*** Opening AVAILABLE RECORDS ***

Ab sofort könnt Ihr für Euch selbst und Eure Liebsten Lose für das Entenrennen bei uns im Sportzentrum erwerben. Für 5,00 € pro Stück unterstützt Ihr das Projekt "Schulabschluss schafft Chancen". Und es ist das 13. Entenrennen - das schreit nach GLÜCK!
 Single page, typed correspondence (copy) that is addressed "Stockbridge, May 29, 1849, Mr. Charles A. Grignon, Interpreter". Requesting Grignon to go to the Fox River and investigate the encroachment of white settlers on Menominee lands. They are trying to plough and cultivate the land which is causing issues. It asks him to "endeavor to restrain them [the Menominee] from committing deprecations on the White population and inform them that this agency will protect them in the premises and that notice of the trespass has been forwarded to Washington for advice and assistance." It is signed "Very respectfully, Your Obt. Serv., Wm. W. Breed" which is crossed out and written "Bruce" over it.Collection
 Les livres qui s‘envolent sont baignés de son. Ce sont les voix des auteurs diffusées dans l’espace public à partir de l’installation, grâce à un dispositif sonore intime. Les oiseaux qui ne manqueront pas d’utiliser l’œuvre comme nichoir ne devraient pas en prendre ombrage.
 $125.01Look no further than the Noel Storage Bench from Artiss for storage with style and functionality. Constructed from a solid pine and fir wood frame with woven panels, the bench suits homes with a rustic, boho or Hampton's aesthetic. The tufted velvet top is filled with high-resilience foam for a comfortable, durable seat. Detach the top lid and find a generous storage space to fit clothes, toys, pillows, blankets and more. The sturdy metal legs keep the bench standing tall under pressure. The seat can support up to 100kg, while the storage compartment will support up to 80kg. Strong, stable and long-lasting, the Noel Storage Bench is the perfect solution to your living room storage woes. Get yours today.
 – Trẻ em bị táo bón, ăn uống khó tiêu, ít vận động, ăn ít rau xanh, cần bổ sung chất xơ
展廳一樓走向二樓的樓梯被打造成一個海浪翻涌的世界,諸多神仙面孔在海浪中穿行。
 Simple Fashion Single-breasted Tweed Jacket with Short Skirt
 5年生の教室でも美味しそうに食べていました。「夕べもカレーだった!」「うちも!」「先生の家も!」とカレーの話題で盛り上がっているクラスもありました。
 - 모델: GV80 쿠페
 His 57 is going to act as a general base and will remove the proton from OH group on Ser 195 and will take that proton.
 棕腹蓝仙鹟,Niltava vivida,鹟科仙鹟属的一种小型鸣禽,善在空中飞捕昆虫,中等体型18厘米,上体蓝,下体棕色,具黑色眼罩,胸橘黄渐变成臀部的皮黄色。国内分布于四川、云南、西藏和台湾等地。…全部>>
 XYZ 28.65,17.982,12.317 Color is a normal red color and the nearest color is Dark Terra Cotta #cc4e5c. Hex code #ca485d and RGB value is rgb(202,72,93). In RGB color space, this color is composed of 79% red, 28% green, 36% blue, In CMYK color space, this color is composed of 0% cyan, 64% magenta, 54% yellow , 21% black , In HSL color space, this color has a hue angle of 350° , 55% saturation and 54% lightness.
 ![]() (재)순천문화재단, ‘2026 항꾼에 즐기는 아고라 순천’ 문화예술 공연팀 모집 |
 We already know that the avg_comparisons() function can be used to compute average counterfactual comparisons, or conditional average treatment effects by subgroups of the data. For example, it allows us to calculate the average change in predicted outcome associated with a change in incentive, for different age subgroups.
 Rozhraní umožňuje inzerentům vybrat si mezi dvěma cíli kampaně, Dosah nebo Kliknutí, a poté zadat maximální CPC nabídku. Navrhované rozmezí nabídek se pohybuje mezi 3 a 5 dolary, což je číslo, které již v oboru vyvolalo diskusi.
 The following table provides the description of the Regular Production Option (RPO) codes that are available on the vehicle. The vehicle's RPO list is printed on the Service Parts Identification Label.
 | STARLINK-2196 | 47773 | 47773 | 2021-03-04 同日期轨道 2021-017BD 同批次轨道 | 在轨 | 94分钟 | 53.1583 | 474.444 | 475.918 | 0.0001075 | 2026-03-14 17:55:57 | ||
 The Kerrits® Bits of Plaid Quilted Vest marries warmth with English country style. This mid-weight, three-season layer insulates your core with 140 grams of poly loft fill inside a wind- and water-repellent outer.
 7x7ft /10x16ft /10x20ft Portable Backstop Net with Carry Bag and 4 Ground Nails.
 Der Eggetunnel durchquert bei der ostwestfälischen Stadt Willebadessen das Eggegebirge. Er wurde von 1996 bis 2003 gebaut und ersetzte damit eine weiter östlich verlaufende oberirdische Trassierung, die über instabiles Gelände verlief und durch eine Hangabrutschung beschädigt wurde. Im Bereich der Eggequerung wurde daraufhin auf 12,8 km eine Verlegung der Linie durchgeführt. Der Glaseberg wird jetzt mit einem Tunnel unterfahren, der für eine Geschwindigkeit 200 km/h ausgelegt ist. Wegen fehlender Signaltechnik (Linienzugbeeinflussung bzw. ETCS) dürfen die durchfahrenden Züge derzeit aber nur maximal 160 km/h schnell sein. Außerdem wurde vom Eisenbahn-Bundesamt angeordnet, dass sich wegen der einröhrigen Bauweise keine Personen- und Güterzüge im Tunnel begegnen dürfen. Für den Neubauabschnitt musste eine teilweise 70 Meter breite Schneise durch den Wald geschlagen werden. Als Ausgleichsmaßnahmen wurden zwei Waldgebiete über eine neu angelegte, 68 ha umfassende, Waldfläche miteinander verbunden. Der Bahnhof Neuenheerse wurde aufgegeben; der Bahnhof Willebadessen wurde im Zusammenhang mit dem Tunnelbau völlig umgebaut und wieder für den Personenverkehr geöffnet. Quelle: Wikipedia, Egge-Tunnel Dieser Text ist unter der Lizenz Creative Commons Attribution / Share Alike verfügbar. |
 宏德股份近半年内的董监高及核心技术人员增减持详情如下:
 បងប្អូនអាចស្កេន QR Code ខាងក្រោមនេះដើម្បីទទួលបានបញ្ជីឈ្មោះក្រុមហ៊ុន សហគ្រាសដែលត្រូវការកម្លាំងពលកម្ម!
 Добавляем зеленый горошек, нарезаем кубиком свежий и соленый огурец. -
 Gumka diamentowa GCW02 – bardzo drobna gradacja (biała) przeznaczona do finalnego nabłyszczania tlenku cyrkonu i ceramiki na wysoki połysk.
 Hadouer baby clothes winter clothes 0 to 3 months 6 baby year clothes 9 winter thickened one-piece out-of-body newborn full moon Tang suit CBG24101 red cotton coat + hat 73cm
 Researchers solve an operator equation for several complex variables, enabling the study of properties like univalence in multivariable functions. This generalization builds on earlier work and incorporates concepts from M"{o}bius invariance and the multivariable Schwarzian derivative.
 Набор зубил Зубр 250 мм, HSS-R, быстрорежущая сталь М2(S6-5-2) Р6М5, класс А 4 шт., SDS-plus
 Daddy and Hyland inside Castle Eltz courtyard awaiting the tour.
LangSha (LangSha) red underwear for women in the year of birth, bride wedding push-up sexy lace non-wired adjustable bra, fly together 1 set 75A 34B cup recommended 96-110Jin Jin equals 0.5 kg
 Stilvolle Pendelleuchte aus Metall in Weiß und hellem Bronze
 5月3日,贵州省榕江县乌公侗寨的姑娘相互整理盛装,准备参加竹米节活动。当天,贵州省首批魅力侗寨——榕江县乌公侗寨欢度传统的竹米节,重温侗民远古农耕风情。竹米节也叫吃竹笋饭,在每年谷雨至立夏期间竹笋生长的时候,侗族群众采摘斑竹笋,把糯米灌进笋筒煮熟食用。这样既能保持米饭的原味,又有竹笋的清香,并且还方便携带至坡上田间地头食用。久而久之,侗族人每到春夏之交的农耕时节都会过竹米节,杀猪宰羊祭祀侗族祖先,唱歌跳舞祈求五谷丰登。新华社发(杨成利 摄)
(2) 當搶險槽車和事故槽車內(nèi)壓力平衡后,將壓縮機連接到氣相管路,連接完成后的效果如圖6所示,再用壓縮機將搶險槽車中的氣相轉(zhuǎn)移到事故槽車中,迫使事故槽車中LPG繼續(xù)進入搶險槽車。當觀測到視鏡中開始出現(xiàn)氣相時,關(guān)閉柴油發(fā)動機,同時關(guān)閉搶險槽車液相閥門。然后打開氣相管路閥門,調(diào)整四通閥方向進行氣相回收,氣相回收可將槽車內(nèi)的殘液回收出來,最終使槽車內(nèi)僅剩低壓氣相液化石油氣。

*** Closing AVAILABLE RECORDS ***

TASK STATEMENT: Using the entries above, give back exactly the line containing "- 모델: GV80 쿠페", the line containing "棕腹蓝仙鹟,Niltava vivida", and every line between them, and nothing else.

TASK SOLUTION:
 - 모델: GV80 쿠페
 His 57 is going to act as a general base and will remove the proton from OH group on Ser 195 and will take that proton.
 棕腹蓝仙鹟,Niltava vivida,鹟科仙鹟属的一种小型鸣禽,善在空中飞捕昆虫,中等体型18厘米,上体蓝,下体棕色,具黑色眼罩,胸橘黄渐变成臀部的皮黄色。国内分布于四川、云南、西藏和台湾等地。…全部>>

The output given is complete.